Stihl, I got started like alot of us, cutting with my dad. I spent some time in California and when I was out there the lady I was renting a house from wanted a Avacado tree down and asked if I could do it. All I had was a pruning hand saw. I told her I could get it down to the main trunk and I did. So started my climbing work. Over the years I worked for freinds and family and on my own stuff but never full time. Two years ago my dad had a 70' red oak next to his house and garage my buddy and I said we would remove it for him. So with a rented lift some rope and a old harness we took it down. I had so much fun I decided I wanted to do more. We have 38 Acres of hard wood that belongs to my dad behind my house that has afforded me the opportunity to build skills slow and steady and not reck anything or kill myself.
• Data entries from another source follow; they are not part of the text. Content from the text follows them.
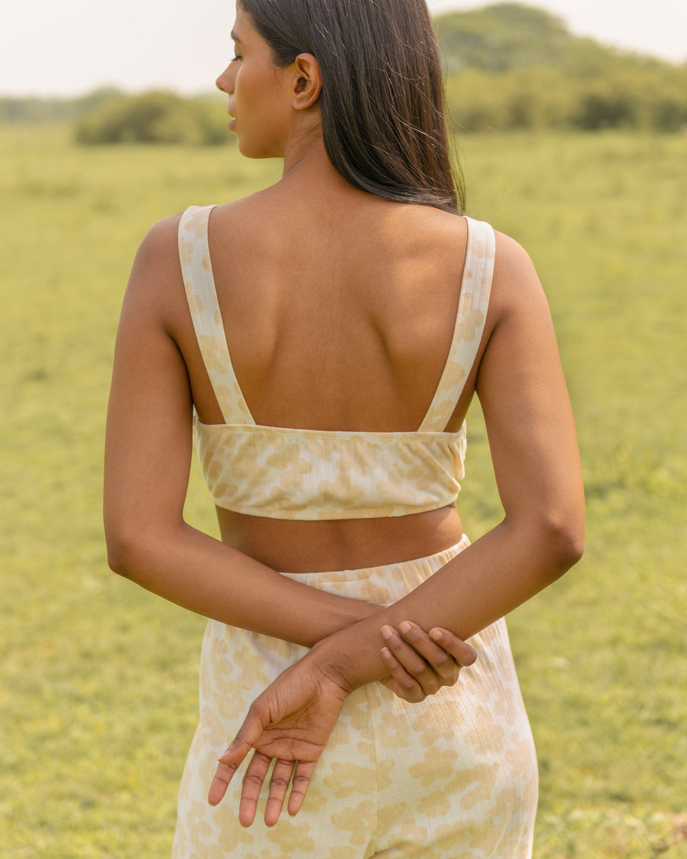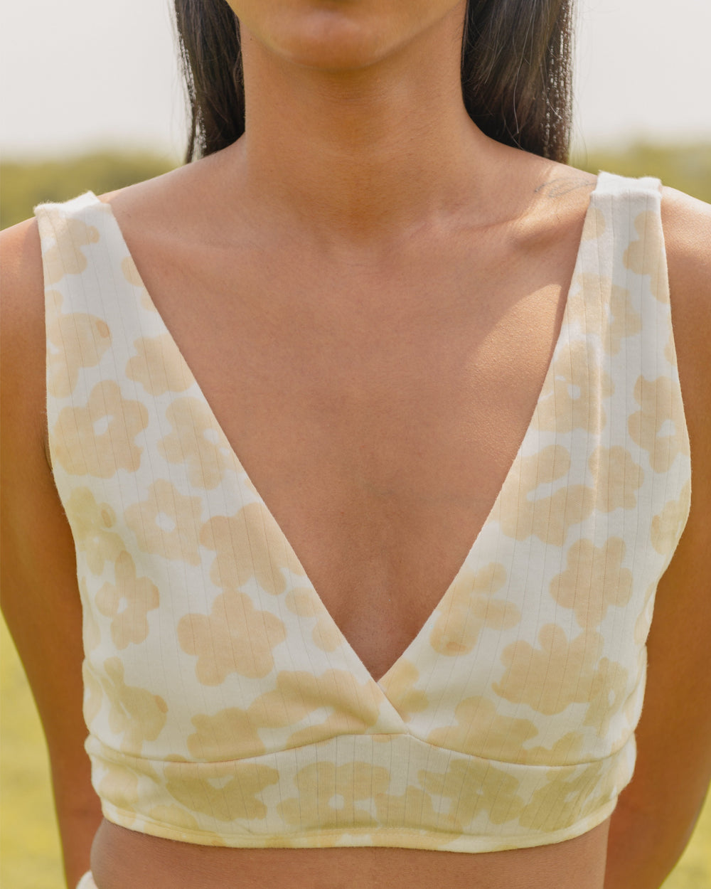 Chic bralette top in refreshing tone-on-tone print. Pairs effortlessly with everything. For your next vacation, change it up from your usual minimal styles to this floral print. The chic and refreshing tone-on-tone print pairs perfectly with any outfit.
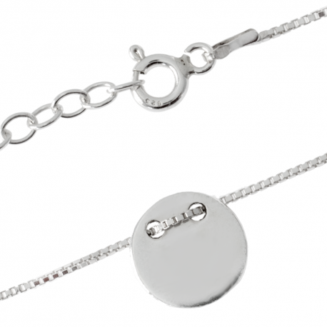 Bransoletka wykonana z łańcuszka typu wenecjana o długości 19cm lub 20cm (do wyboru). Zdobiona blaszką w kształcie koła. Wykonana w całości ze srebra próby 925. Gładki poler daje jej piękny blask.
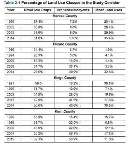 The report looked at the percentage of land in the Aqueduct study corridor planted in permanent crops starting in the late 1980s:

This last October I was gettuing laid off for a month so I went out bought all new gear got insurance and went door knocking and passing out business cards. Building my biz slowly and have been picking up alot work as of late. Back to work full time building and developing robotic systems and cut week nights and weekends.

Mickey 


____________________________________________________________


Confidence is the feeling you have before you fully understanding the situation


----------



## Tree Pig (May 21, 2009)

mic687 said:


> Stihl, I got started like alot of us, cutting with my dad. I spent some time in California and when I was out there the lady I was renting a house from wanted a Avacado tree down and asked if I could do it. All I had was a pruning hand saw. I told her I could get it down to the main trunk and I did. So started my climbing work. Over the years I worked for freinds and family and on my own stuff but never full time. Two years ago my dad had a 70' red oak next to his house and garage my buddy and I said we would remove it for him. So with a rented lift some rope and a old harness we took it down. I had so much fun I decided I wanted to do more. We have 38 Acres of hard wood that belongs to my dad behind my house that has afforded me the opportunity to build skills slow and steady and not reck anything or kill myself. This last October I was gettuing laid off for a month so I went out bought all new gear got insurance and went door knocking and passing out business cards. Building my biz slowly and have been picking up alot work as of late. Back to work full time building and developing robotic systems and cut week nights and weekends.
> 
> Mickey
> 
> ...




Thats awesome man, sometimes doing the work you love is more rewarding then doing the work that pays the best. I myself also do this on the side from my job that pays the bills. I work nights so it gives me the days free to do this stuff. I make a very good living at what I do and don't need the money I get from trees but I just love doing tree work. My wife gets a little ticked about the tree work ("its so dangerous"). My main job is just as dangerous so with this going too she worries twice as much, but I am addicted and not ready to stop doing it. YET...

Keep up the good work.


----------



## conlan (Jun 2, 2009)

*How much did you charge?*

Just curious what you charged to remove the tree. Did your price include removal of all the wood and if not, how much extra would you have charged him to remove all the wood?


----------



## mic687 (Jun 2, 2009)

Left all the wood and brush on site for the home owner. I would not touch that tree for under 2300.00 again. If they don't want to pay that price I don't want the job and 2300.00 may even be a little low. That tree with all the crap around it was a pia. My theory is if the job is going to be very hard make it worth doing. I know two other guys bid the job one at 1200.00 and one at 1600.00 and neither guy showed up to do the job.


----------



## extremewoodwork (Jun 2, 2009)

*zipline*

Trees like this I get permission from neighbors to set the recieving end of a zipline. Blocking the wood still sucks but the brush comes down faster. It is also safer than risking a hit to an energized powerline. Wood does conduct electricity.


----------



## ropensaddle (Jun 2, 2009)

mic687 said:


> My groundie and I did this 95' Cottonwood with a 35"dbh. Power lines on three sides a shed and apple tree on the fourth side. Landing zone of 20' by
> 20' lowered almost all pieces with a homemade capstan strapped to the base. Saws used ms192, ms270,ms650 with a 32" bar. This was a very tough tree there was so much stuff to get snaged on or caught in. No access for a crane or bucket truck so I climbed it and it came down a piece at a time. Guy planted this tree 45 years ago and said he has regretted it for the last 25. Two other guys bid it and did not show and I think I know why.
> 
> 
> ...



Good work ppe nice I hate cottonwood can smell that suka from here lol. I think I would have had the take down the service and dropped that bugger!


----------



## treemandan (Jun 2, 2009)

extremewoodwork said:


> Trees like this I get permission from neighbors to set the recieving end of a zipline. Blocking the wood still sucks but the brush comes down faster. It is also safer than risking a hit to an energized powerline. Wood does conduct electricity.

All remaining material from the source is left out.